= Lead Finder =

Computational chemistry application

Lead Finder is a computational chemistry tool designed for modelling protein-ligand interactions. It is used for conducting molecular docking studies and quantitatively assessing ligand binding and biological activity. It offers free access to users in commercial, academic, or other settings.

==About==
The original docking algorithm integrated into Lead Finder can be tailored for either quick but less accurate virtual screening applications or slower but more in-depth analyses.

Lead Finder is used by computational and medicinal chemists for drug discovery, as well as pharmacologists and toxicologists involved in in silico assessment of ADME-Tox properties. Additionally, it is used by biochemists and enzymologists working on modelling protein-ligand interactions, enzyme specificity, and rational enzyme design. Lead Finder's specialization in ligand docking and binding energy estimation is a result of its advanced docking algorithm and the precision with which it represents protein-ligand interactions.

==Docking algorithm==
From a mathematical perspective, ligand docking involves modelling a multidimensional surface that describes the free energy associated with protein-ligand binding. This surface can be highly complex, with ligands possessing as many as 15-20 degrees of freedom, such as freely rotatable bonds.

Lead Finder's approach combines genetic algorithm search, local optimization techniques, and knowledge gathered during the search process.

==Scoring function==
The Lead Finder scoring function represents protein-ligand interactions more precisely. The scoring function's model considers various types of molecular interactions.

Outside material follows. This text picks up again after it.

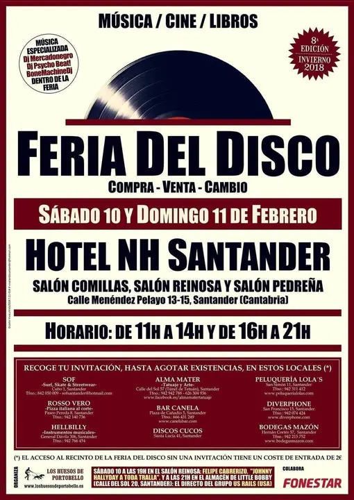 La Feria del Disco de invierno celebra su octava edición este fin de semana, días 10 y 11 de febrero, en el Hotel NH Santander, donde coleccionistas y curiosos podrán encontrar miles de referencias: vinilos, CDs, DVDs musicales, libros, vídeos, postales, chapas, carteles, camisetas...., en horario de 11 a 14 y de 16 a 21 horas.

In this scoring function, individual energy contributions are carefully adjusted with empirically derived coefficients tailored to objectives. Such as the prediction of binding energies, the ranking of energy for docked ligand poses, and the ordering of active and inactive compounds during virtual screening experiments. To achieve these goals, Lead Finder employs three types of scoring functions, based on the same set of energy contributions but with different sets of energy-scaling coefficients.

==Docking success rate==
Docking success rate was benchmarked as a percentage of correctly docked ligands for a set of protein-ligand complexes extracted from PDB. Results showed root mean squared deviations of 2 Å or less for 80-96% of the structures in the respective test sets (FlexX, Glide SP, Glide XP, Gold, LigandFit, MolDock, Surflex).